Split cart evaluation
In August, CIF weighed the efficacy of split recycling carts, which have different compartments for the fiber stream and all other materials. The study looked at the municipal program in Sault Ste. Marie, which contracts with Green for Life Environmental (GFL) for recycling collection.
The evaluation was conducted as the municipality and its hauling contractor celebrated five years of using the split carts.
It found the 95-gallon split carts are effective at maintaining low contamination levels, reducing some of the challenges often found in dual-stream programs. The Sault Ste. Marie program achieved a 66 percent diversion rate.
Contamination at the curb was under 13 percent in the program, and cross contamination within the carts made up just 1 percent of the problem. The most common challenge was plastics not accepted by the program, such as Nos. 3-7, making it into the containers compartment.

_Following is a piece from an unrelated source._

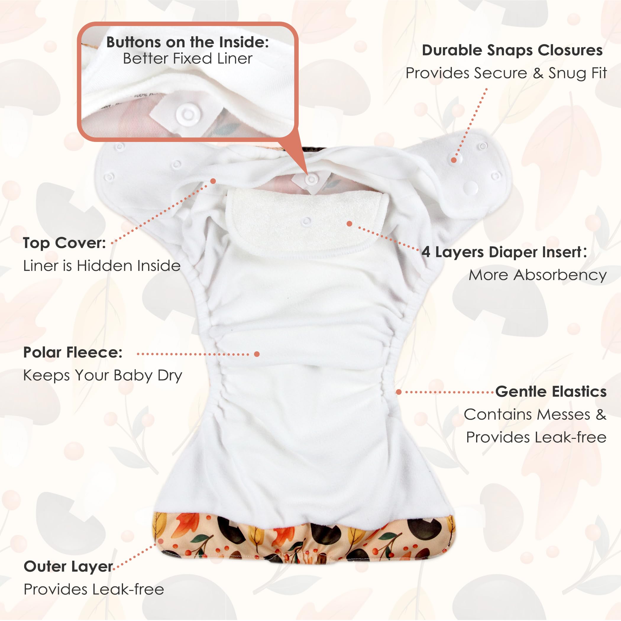 Soft Exterior: Polyester, leek-free and breathable PUL, this kind of soft materials, breathe and better construction diapers help keep your baby comfortable; Double Rows of snaps fit well, the leg gusset can keep off the leaks

Although most residents were sorting material into the carts correctly, there was still a contamination challenge during collection: After the carts were dumped into collection trucks, cross contamination increased from 1 percent up to 2.7 percent. According to CIF, this could be happening during transit or when the carts were being loaded into the truck.
Overall, the municipality and hauler were “both satisfied with the move to split-body 95-gallon recycling carts” and noted that although it might not work in every municipality, it has proved to be “a very effective alternative collection method that can be applied in both large and small communities.”
Communities switch to dual-stream
Two Canadian municipalities recently asked CIF for funding to help support their program shifts from single- to dual-stream recycling. In August, CIF wrote about both cases.
The Township of Drummond-North Elmsley, Ontario decided to move away from single-stream recycling after its MRF contractor quoted higher processing costs, according to CIF. Switching to dual-stream would lower processing costs by 25 percent, compared with the price increase proposed by the contractor.
The program will switch from weekly single-stream collection to an alternating system in which fiber is collected in the cart one week and containers the following week. This system was chosen “to achieve a zero financial impact on collection costs,” according to CIF. The municipality is working to roll out additional receptacles for households to store material between the longer collection intervals.
“The Township forecasts a return on investment in less than 3 years from this program change,” CIF wrote.
Northumberland County, Ontario is planning a similar shift. Resource Recycling previously wrote more about the county’s dual-stream plans, which county officials anticipate will lead to a net savings in recycling program costs due to higher recyclables revenue and avoided tip fees.